Data records:
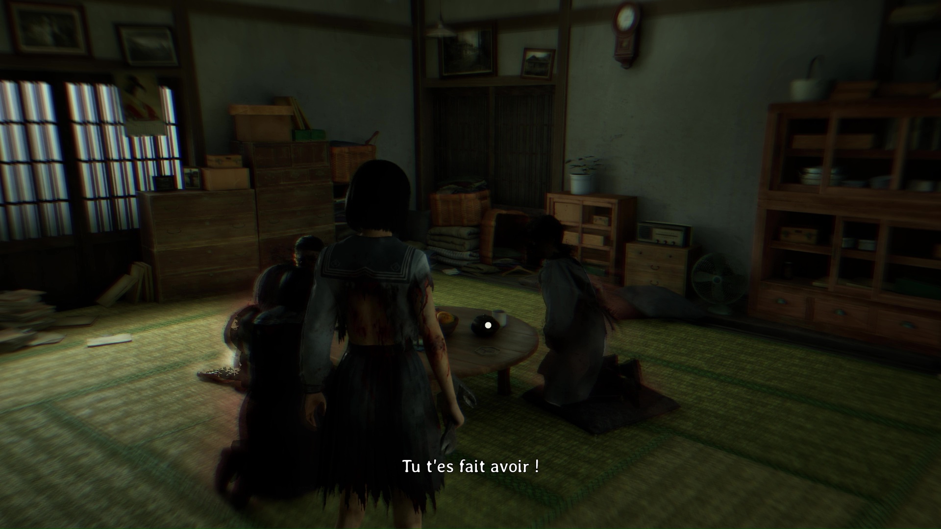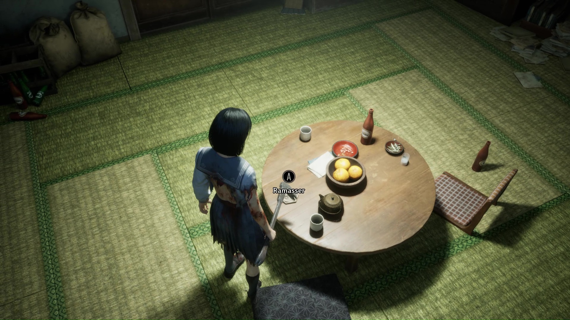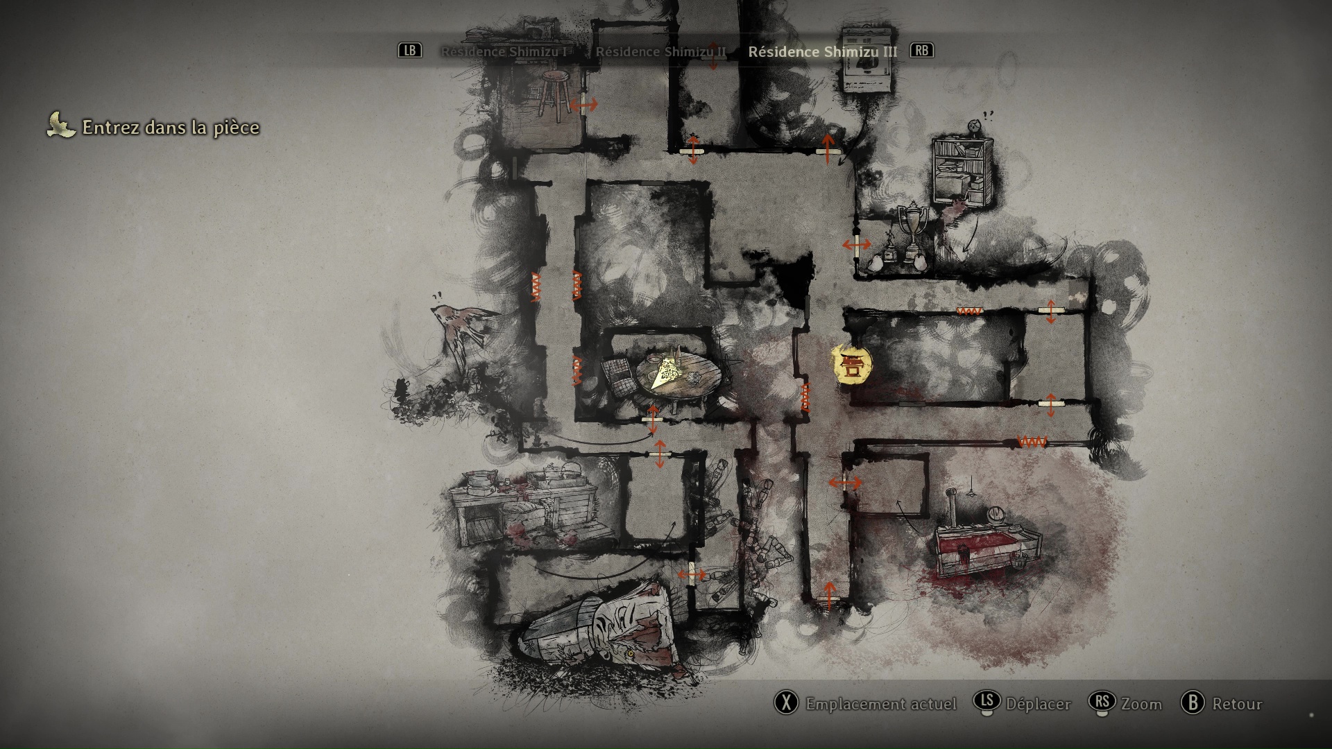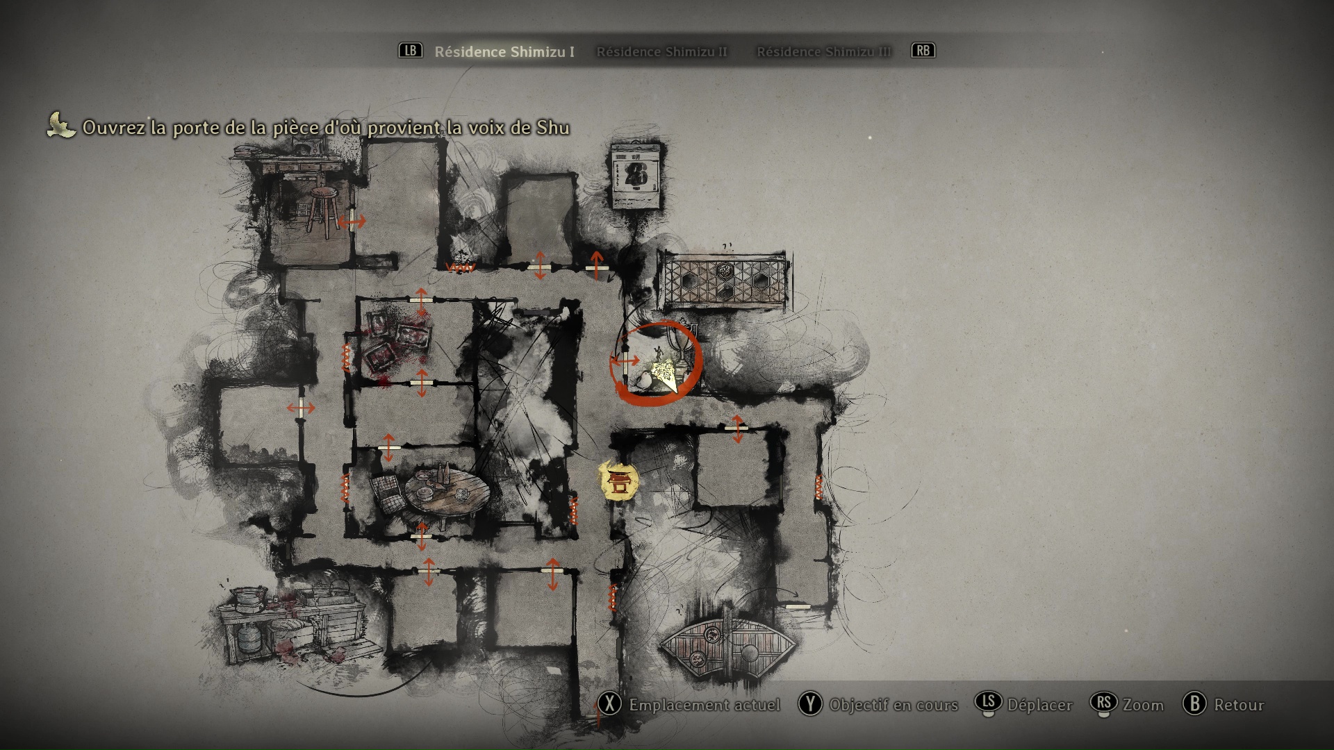 Retournez près de la porte à l’emblème d’oiseau pour utiliser votre Clé à plume obtenue précédemment et assister à l’intérieur à un nouveau flashback. Enfin, ramassez sur la table le dernier écusson (Oiseau noir et épée). Vous pouvez retourner dans la Résidence Shimizu I.
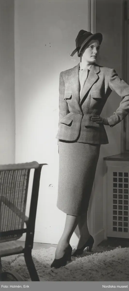 Modell poserar i dräkt, hatt och handskar vid stol.
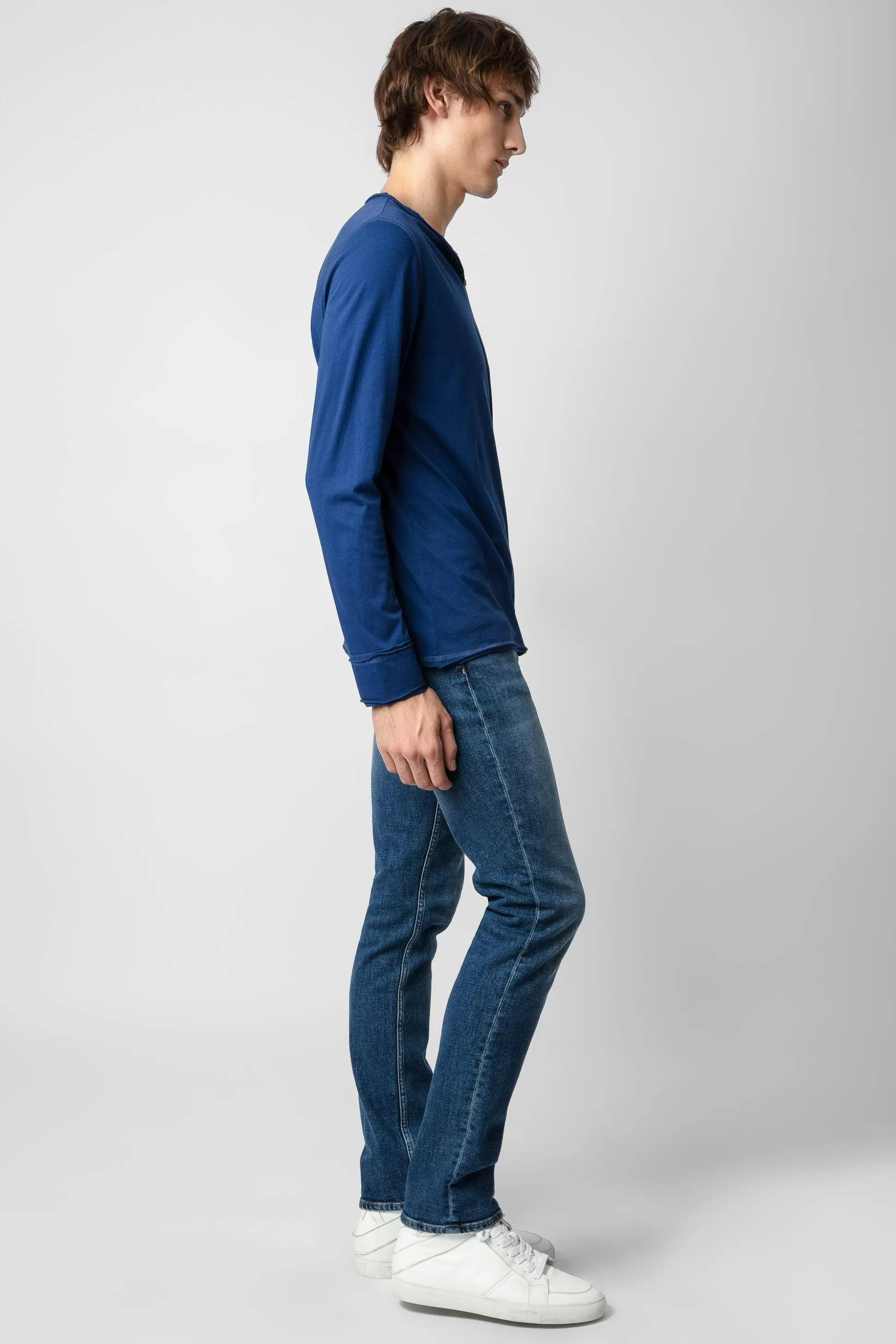 – T-Shirt Homme En Coton Bleu Roi – Col Henley À 5 Boutons – Manches Longues – Fabriqué Au Portugal
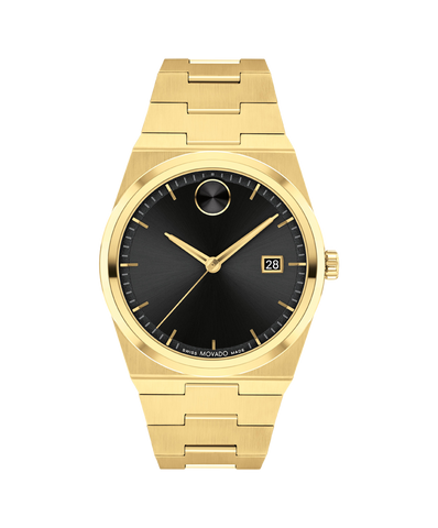 The Bold Quest looks to the future with a shaped case and an integrated bracelet. This 40mm watch features a black sunray dial, yellow goldtone hands, and our signature dot at 12 o'clock.
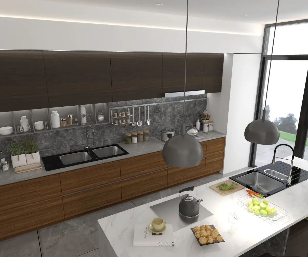 The archive includes: kitchen model Kitchen sink designed in a special waylamp All decors on shelves and on the tabletop
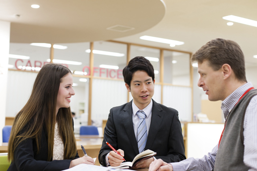 APUでは国際的な教育環境のもと、世界を見すえたキャリア教育を行っています。人材育成における多様な取り組みと実績が認められ、主要企業の人事トップが人材教育で注目している大学として、新聞やビジネス系の雑誌といったメディアに取り上げられています。こうした産業界からの高い評価と、多彩かつ独創的な就職支援プログラムに支えられ、就職実績は例年高水準を維持しています。この就職支援プログラムの1つとして挙げられるのが、「オンキャンパス・リクルーティング」です。業界を代表する企業や気鋭のベンチャーなど、APUの学生の採用に積極的な約200社がキャンパスを訪れ、説明会や面接などの採用活動を行います。このプログラムを通して例年多くの学生が内定を得ています。
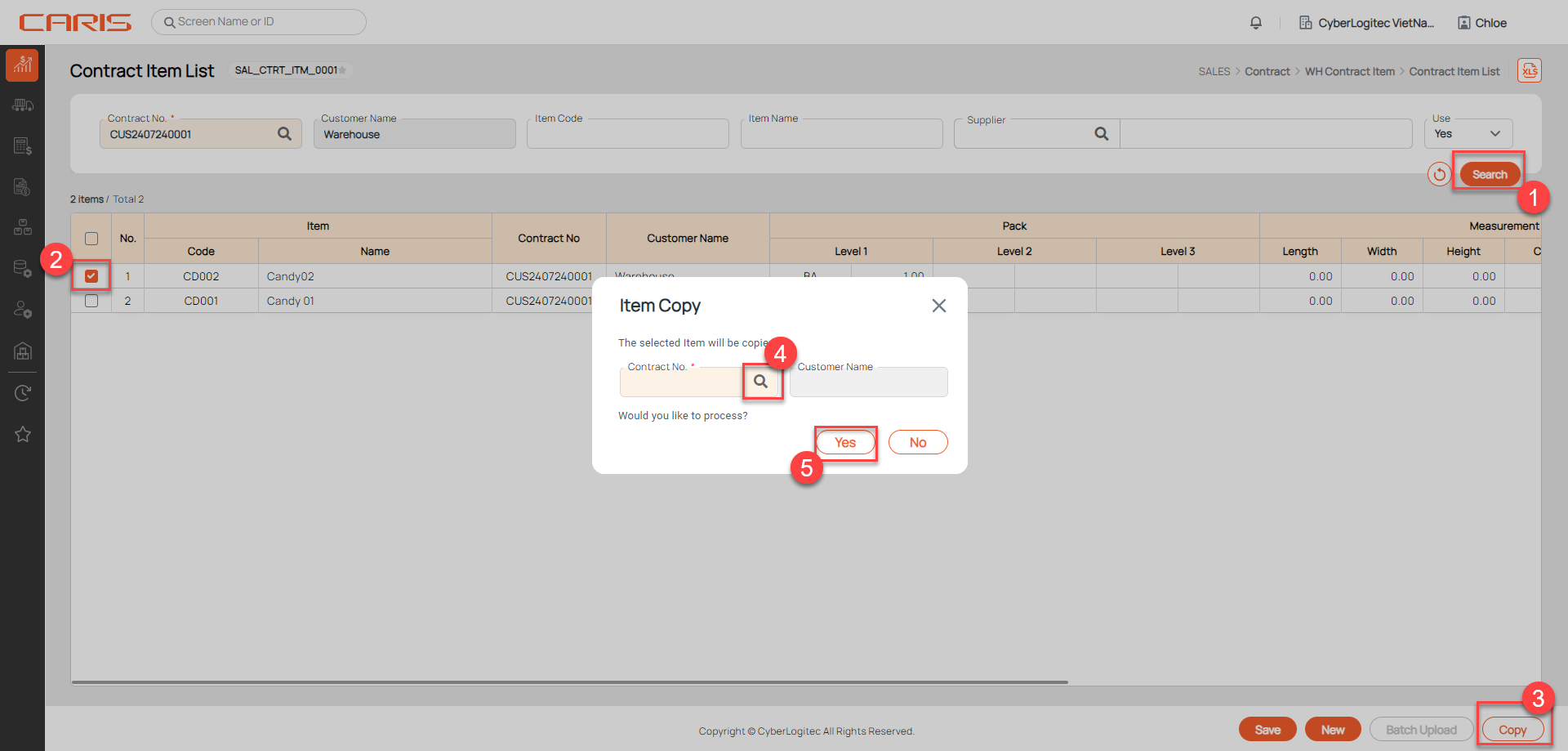 1. Go to Sales > Contract > WH Contract Item > Contract Item List
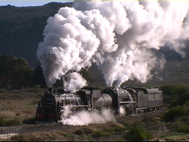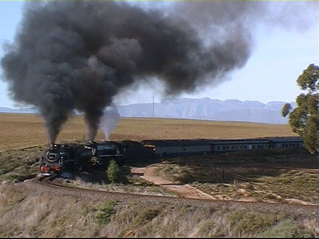 more information and pictures. 26 May - 16D 860: Simonstown - Muizenberg 27 May - 26 3450: Worcester - Ashton 28 May - 19D 3323: Wolseley - Ceres - Prince Alfred Hamlet 28 May - 19D 3321+3323: Hermon - Porterville 2 June - 19D 3323 & 15F 3153: Graafwater - Malmesbury Thanks to Beryl from Northumbria Travel for this charter, along with Ian Pretorius for his local support, plus the THF as always for supplying the steam locomotives and the wonderful Union Limited train. Trevor. All pictures Copyright © 2002 Trevor Staats |
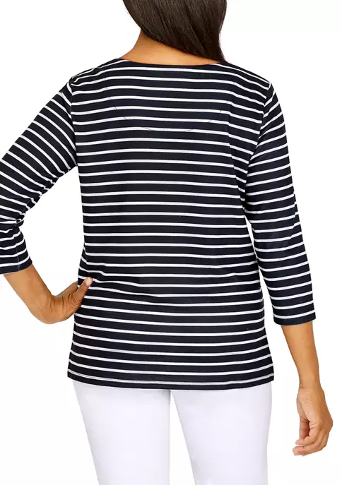 Best Sale π Alfred Dunner Petite Copper Canyon Asymmetrical Hem 3/4 Sleeve Floral Print Top π

What is required: Drop the images; copy every entry above exactly.

Answer below:
 Retournez près de la porte à l’emblème d’oiseau pour utiliser votre Clé à plume obtenue précédemment et assister à l’intérieur à un nouveau flashback. Enfin, ramassez sur la table le dernier écusson (Oiseau noir et épée). Vous pouvez retourner dans la Résidence Shimizu I.
 Modell poserar i dräkt, hatt och handskar vid stol.
 – T-Shirt Homme En Coton Bleu Roi – Col Henley À 5 Boutons – Manches Longues – Fabriqué Au Portugal
 The Bold Quest looks to the future with a shaped case and an integrated bracelet. This 40mm watch features a black sunray dial, yellow goldtone hands, and our signature dot at 12 o'clock.
 The archive includes: kitchen model Kitchen sink designed in a special waylamp All decors on shelves and on the tabletop
 APUでは国際的な教育環境のもと、世界を見すえたキャリア教育を行っています。人材育成における多様な取り組みと実績が認められ、主要企業の人事トップが人材教育で注目している大学として、新聞やビジネス系の雑誌といったメディアに取り上げられています。こうした産業界からの高い評価と、多彩かつ独創的な就職支援プログラムに支えられ、就職実績は例年高水準を維持しています。この就職支援プログラムの1つとして挙げられるのが、「オンキャンパス・リクルーティング」です。業界を代表する企業や気鋭のベンチャーなど、APUの学生の採用に積極的な約200社がキャンパスを訪れ、説明会や面接などの採用活動を行います。このプログラムを通して例年多くの学生が内定を得ています。
 1. Go to Sales > Contract > WH Contract Item > Contract Item List
 more information and pictures. 26 May - 16D 860: Simonstown - Muizenberg 27 May - 26 3450: Worcester - Ashton 28 May - 19D 3323: Wolseley - Ceres - Prince Alfred Hamlet 28 May - 19D 3321+3323: Hermon - Porterville 2 June - 19D 3323 & 15F 3153: Graafwater - Malmesbury Thanks to Beryl from Northumbria Travel for this charter, along with Ian Pretorius for his local support, plus the THF as always for supplying the steam locomotives and the wonderful Union Limited train. Trevor. All pictures Copyright © 2002 Trevor Staats |
 Best Sale π Alfred Dunner Petite Copper Canyon Asymmetrical Hem 3/4 Sleeve Floral Print Top π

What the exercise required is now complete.